• [Provided material]:
===============

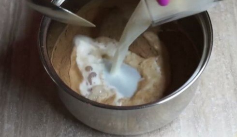 4. В сотейник вливаем молоко.
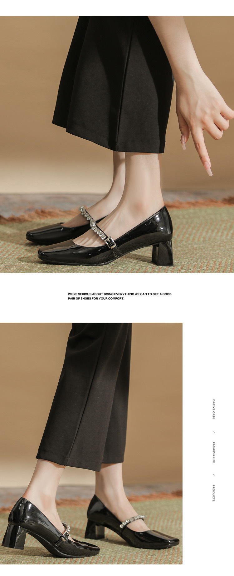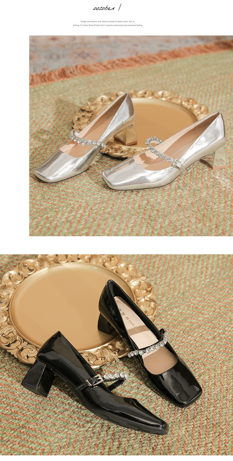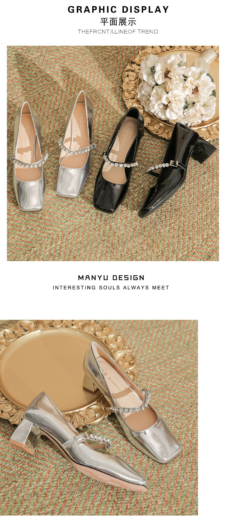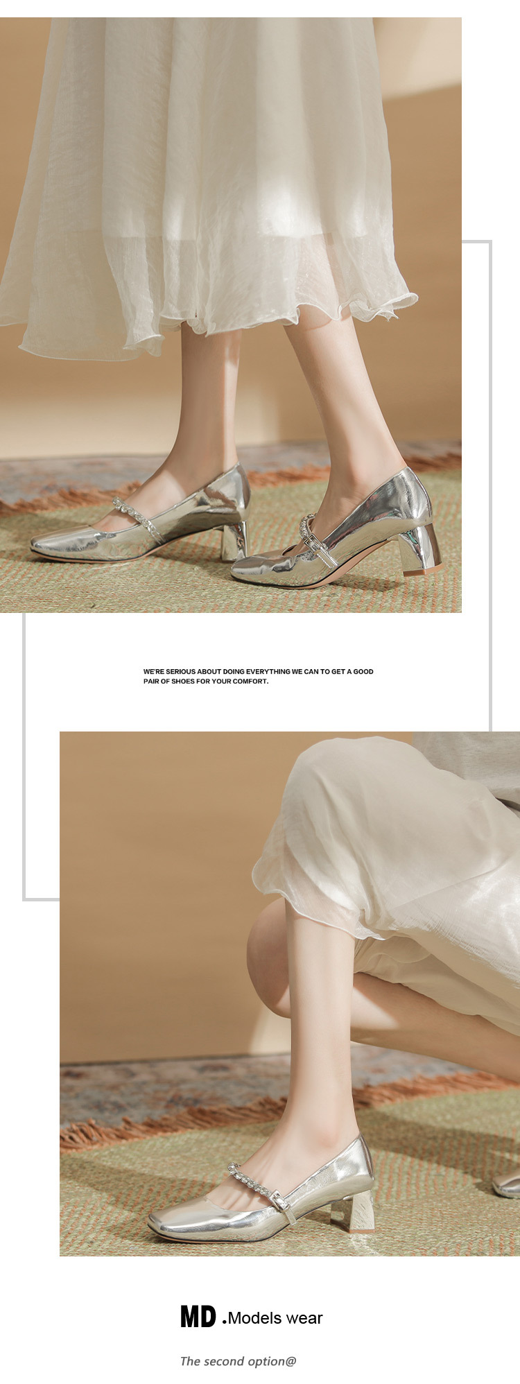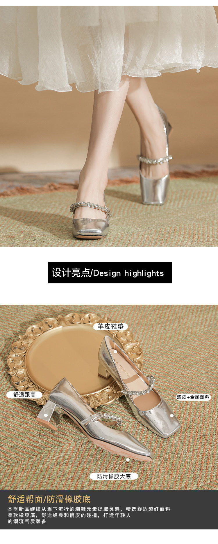 H988-2 빈티지 에나멜 가죽 메리 제인 신발 여성용 실버 싱글 레이어 신발 다이아몬드 벨트와 두꺼운 굽 유행 모든 일치 새로운 여성 신발
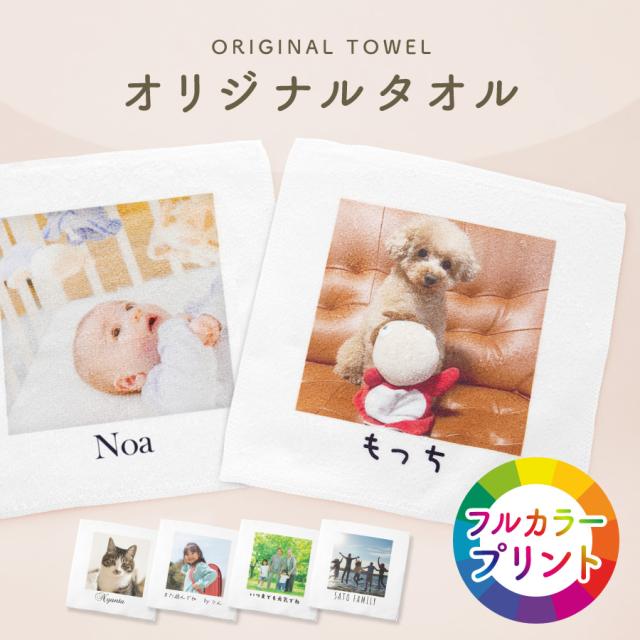 お気に入りのお写真をプリントしてつくるオリジナルタオル。 お名前などの文字も入れられるので自分だけのオリジナルがつくれます また、出産祝いなど記念日の贈り物に、様々なシーンで喜ばれます! | ||||||
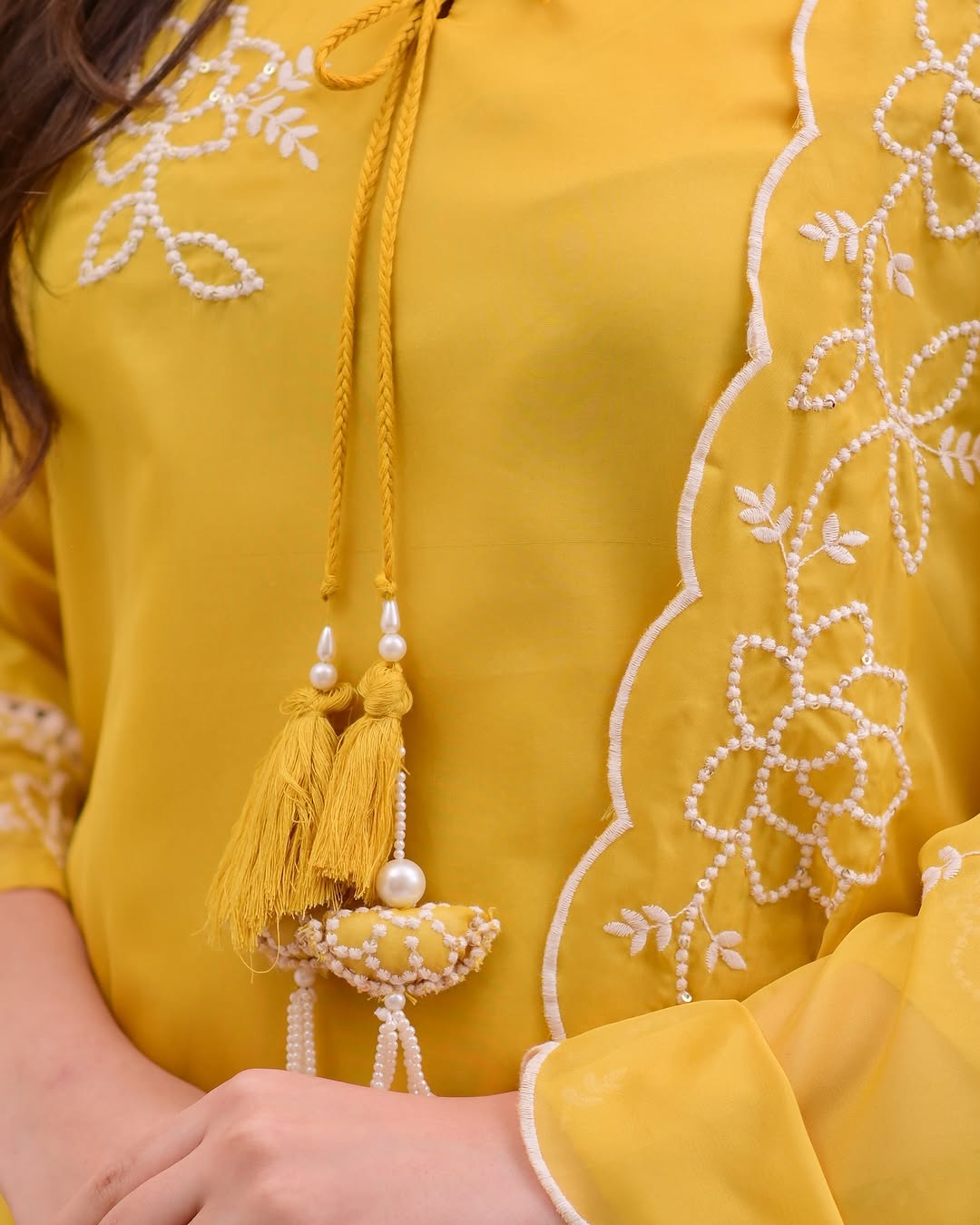 Indian Organza Suit Yellow And Hot Pink With Tassels (P6AL0003)

===============

• [Your goal]:
The line with "また、出産祝いなど記念日の贈り物に、様々なシーンで喜ばれます! | ||||||" and each line after it, through the final line of the data, are to be duplicated exactly, with pictures left out and nothing more included.

• [Output]:
 お気に入りのお写真をプリントしてつくるオリジナルタオル。 お名前などの文字も入れられるので自分だけのオリジナルがつくれます また、出産祝いなど記念日の贈り物に、様々なシーンで喜ばれます! | ||||||
 Indian Organza Suit Yellow And Hot Pink With Tassels (P6AL0003)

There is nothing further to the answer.